*TASK DATA*:
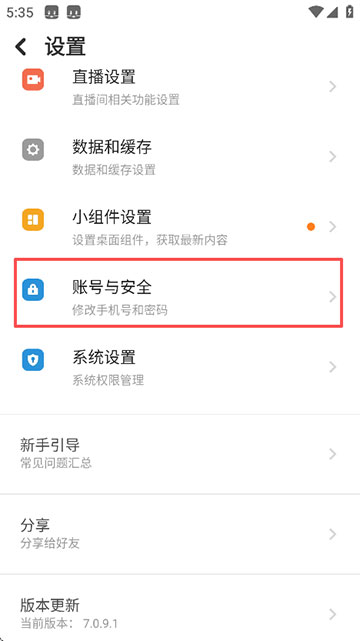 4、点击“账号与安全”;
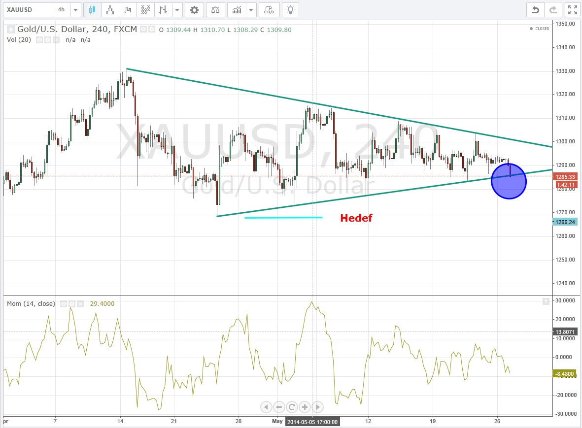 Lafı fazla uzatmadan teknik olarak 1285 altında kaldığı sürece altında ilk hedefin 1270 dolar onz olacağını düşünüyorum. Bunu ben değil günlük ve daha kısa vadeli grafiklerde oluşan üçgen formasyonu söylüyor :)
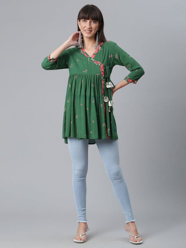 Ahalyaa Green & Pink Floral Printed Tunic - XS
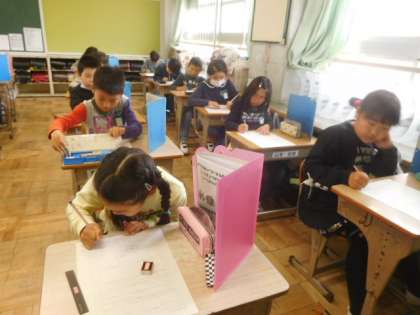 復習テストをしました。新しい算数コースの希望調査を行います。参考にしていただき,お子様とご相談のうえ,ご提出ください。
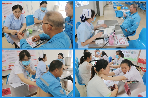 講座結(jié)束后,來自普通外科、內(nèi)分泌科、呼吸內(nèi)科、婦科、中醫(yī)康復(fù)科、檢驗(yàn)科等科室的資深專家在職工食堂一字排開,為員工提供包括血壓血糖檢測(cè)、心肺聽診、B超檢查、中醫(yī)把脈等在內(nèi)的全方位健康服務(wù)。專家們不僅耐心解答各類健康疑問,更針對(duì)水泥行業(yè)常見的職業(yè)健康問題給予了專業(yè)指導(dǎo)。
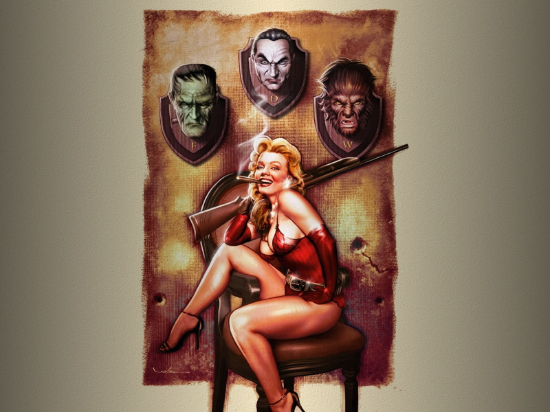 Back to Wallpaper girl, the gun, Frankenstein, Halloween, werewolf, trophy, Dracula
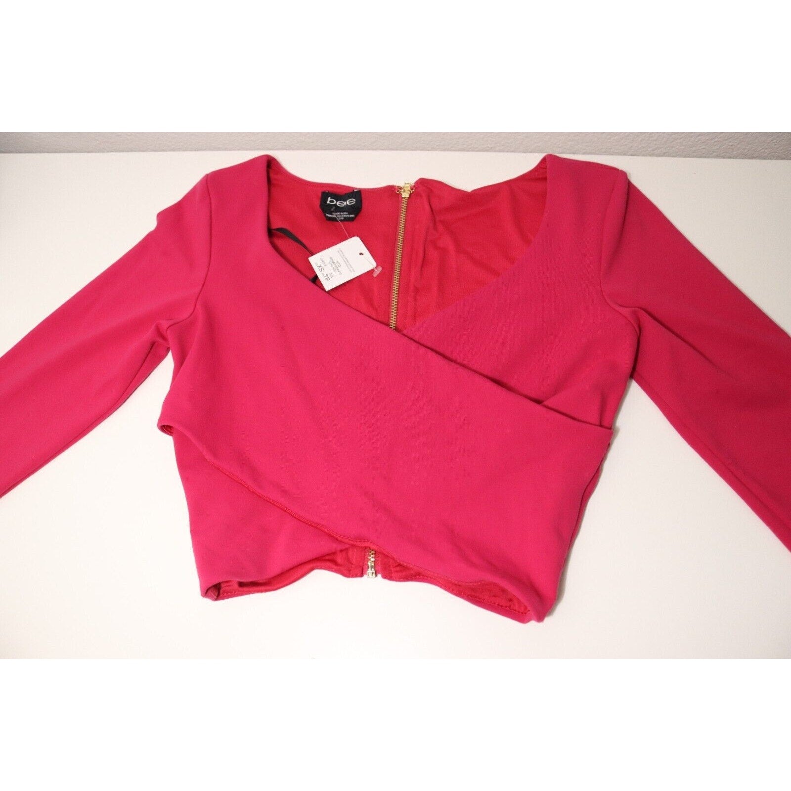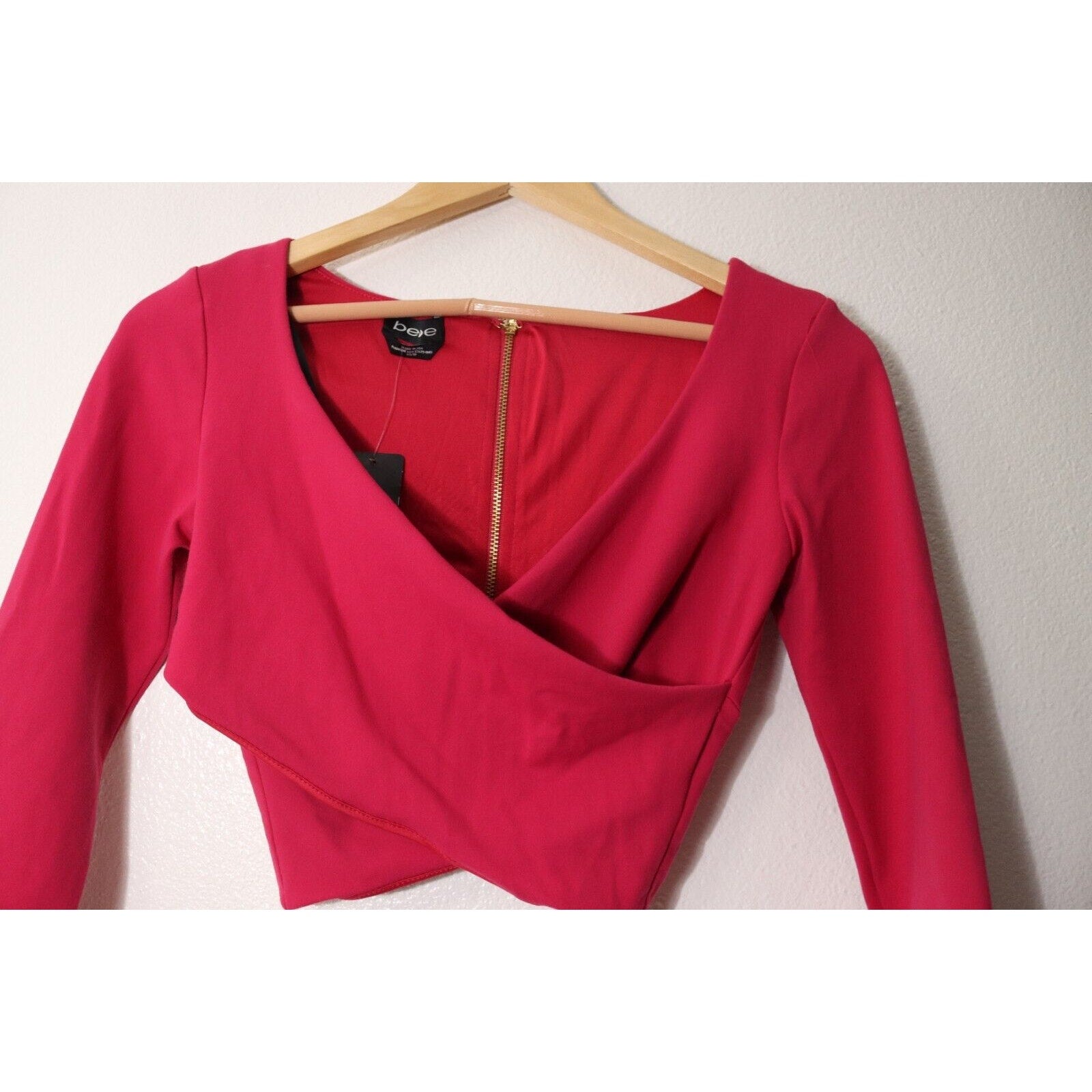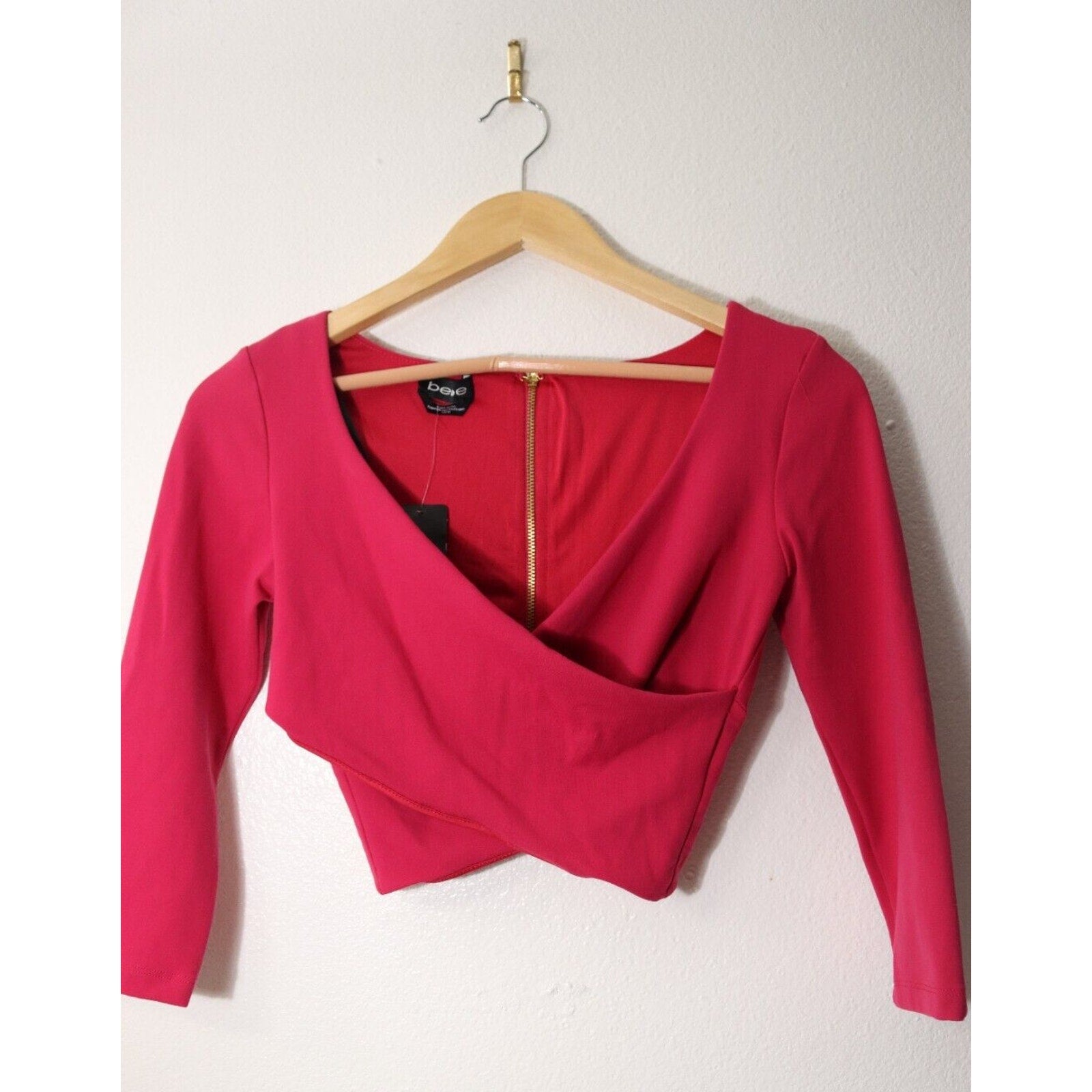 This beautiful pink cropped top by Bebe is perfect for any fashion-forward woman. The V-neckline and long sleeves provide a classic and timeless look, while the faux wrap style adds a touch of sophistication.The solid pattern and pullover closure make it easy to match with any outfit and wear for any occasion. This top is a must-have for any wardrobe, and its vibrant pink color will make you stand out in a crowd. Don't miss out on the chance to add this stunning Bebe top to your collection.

*PROBLEM TO WORK ON*: When you reach the line with "Ahalyaa Green &" in the entries above, start copying, and go on word for word to the last line; skip any picture.

*RESPONSE TO THIS TASK*:
 Ahalyaa Green & Pink Floral Printed Tunic - XS
 復習テストをしました。新しい算数コースの希望調査を行います。参考にしていただき,お子様とご相談のうえ,ご提出ください。
 講座結(jié)束后,來自普通外科、內(nèi)分泌科、呼吸內(nèi)科、婦科、中醫(yī)康復(fù)科、檢驗(yàn)科等科室的資深專家在職工食堂一字排開,為員工提供包括血壓血糖檢測(cè)、心肺聽診、B超檢查、中醫(yī)把脈等在內(nèi)的全方位健康服務(wù)。專家們不僅耐心解答各類健康疑問,更針對(duì)水泥行業(yè)常見的職業(yè)健康問題給予了專業(yè)指導(dǎo)。
 Back to Wallpaper girl, the gun, Frankenstein, Halloween, werewolf, trophy, Dracula
 This beautiful pink cropped top by Bebe is perfect for any fashion-forward woman. The V-neckline and long sleeves provide a classic and timeless look, while the faux wrap style adds a touch of sophistication.The solid pattern and pullover closure make it easy to match with any outfit and wear for any occasion. This top is a must-have for any wardrobe, and its vibrant pink color will make you stand out in a crowd. Don't miss out on the chance to add this stunning Bebe top to your collection.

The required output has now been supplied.